| Required work |
Once the pictures are set aside, repeat all of the data below exactly.

| Data excerpt |
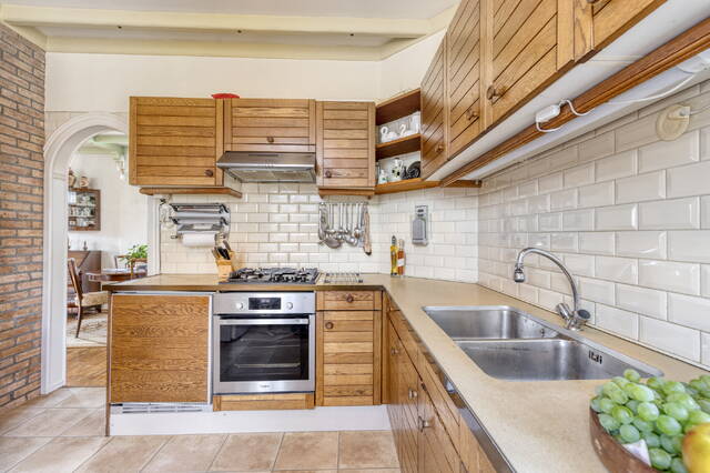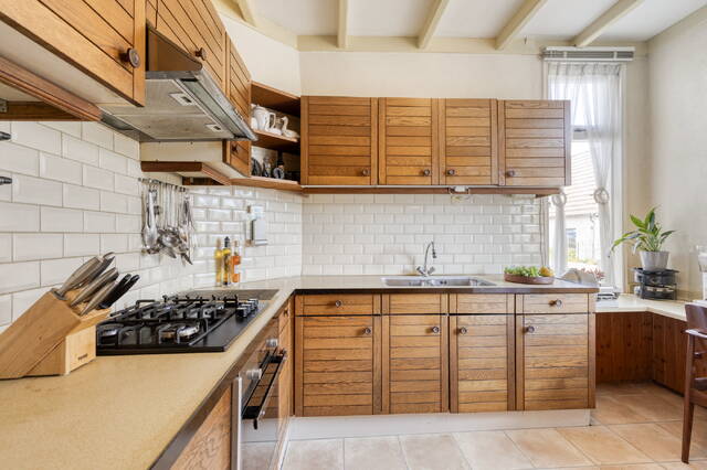 Aan de voorzijde van de woning bevindt zich de keuken (ca. 10 m2), uitgevoerd met een praktische L-vormige opstelling. Hoewel modernisering wenselijk is, is de keuken functioneel en compleet ingericht met onder andere een 4-pits gaskookplaat, oven, koelkast, afzuigsysteem, dubbele spoelbak en een close-in boiler. Dankzij de indeling is er voldoende werk- en bergruimte, en kunt u de keuken geheel naar eigen smaak en stijl vernieuwen.
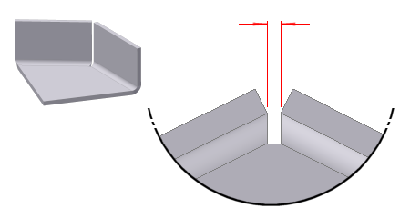在创建展开模式时,会应用在特征的“拐角”选项卡中指定的拐角释压类型和半径尺寸。它不会显示在折叠模型中。
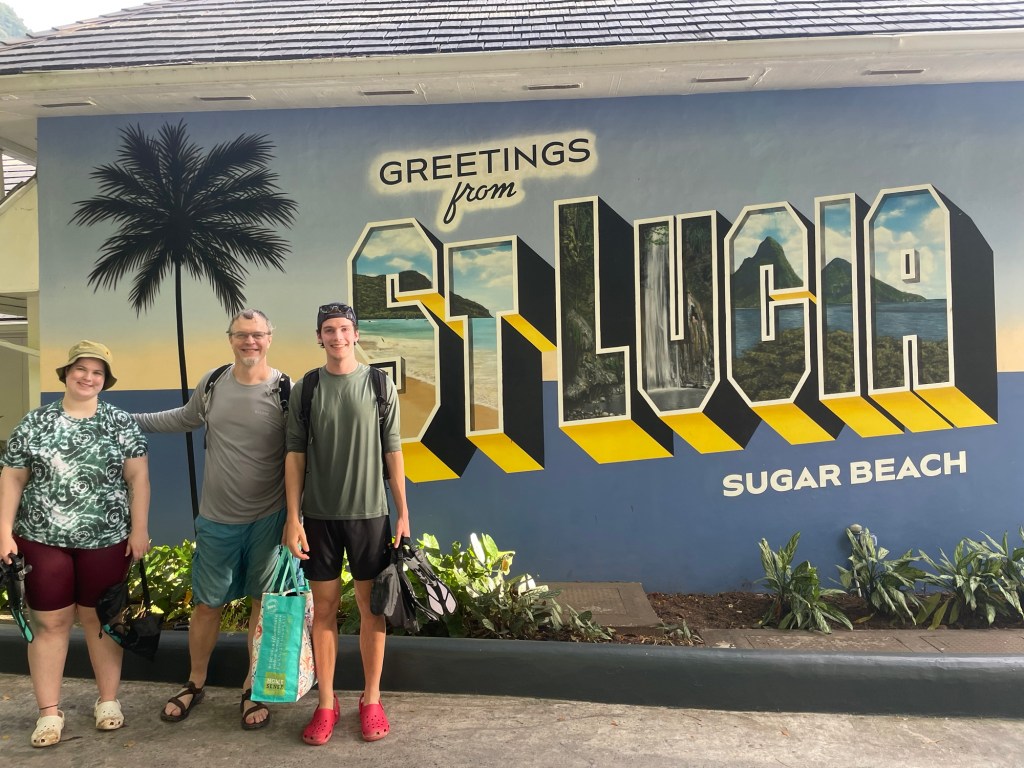 Sugar Beach, situated between the two Pitons, was the only local cove that we hadn’t yet explored. It is said to have good snorkeling, so in the afternoon, off we went to check it out, with snorkels and fins and kids in tow. It, too, is dominated by a large and expensive resort. Like the others it allows beach access, but the parking lot provided for visitors is way up the hill and requires a long walk down the busy access road to reach the water. In the end, it was worth it because snorkeling was really good and we found a shady spot by the water to sit with our stuff.

| Answer to this exercise |
 Aan de voorzijde van de woning bevindt zich de keuken (ca. 10 m2), uitgevoerd met een praktische L-vormige opstelling. Hoewel modernisering wenselijk is, is de keuken functioneel en compleet ingericht met onder andere een 4-pits gaskookplaat, oven, koelkast, afzuigsysteem, dubbele spoelbak en een close-in boiler. Dankzij de indeling is er voldoende werk- en bergruimte, en kunt u de keuken geheel naar eigen smaak en stijl vernieuwen.
在创建展开模式时,会应用在特征的“拐角”选项卡中指定的拐角释压类型和半径尺寸。它不会显示在折叠模型中。
 Sugar Beach, situated between the two Pitons, was the only local cove that we hadn’t yet explored. It is said to have good snorkeling, so in the afternoon, off we went to check it out, with snorkels and fins and kids in tow. It, too, is dominated by a large and expensive resort. Like the others it allows beach access, but the parking lot provided for visitors is way up the hill and requires a long walk down the busy access road to reach the water. In the end, it was worth it because snorkeling was really good and we found a shady spot by the water to sit with our stuff.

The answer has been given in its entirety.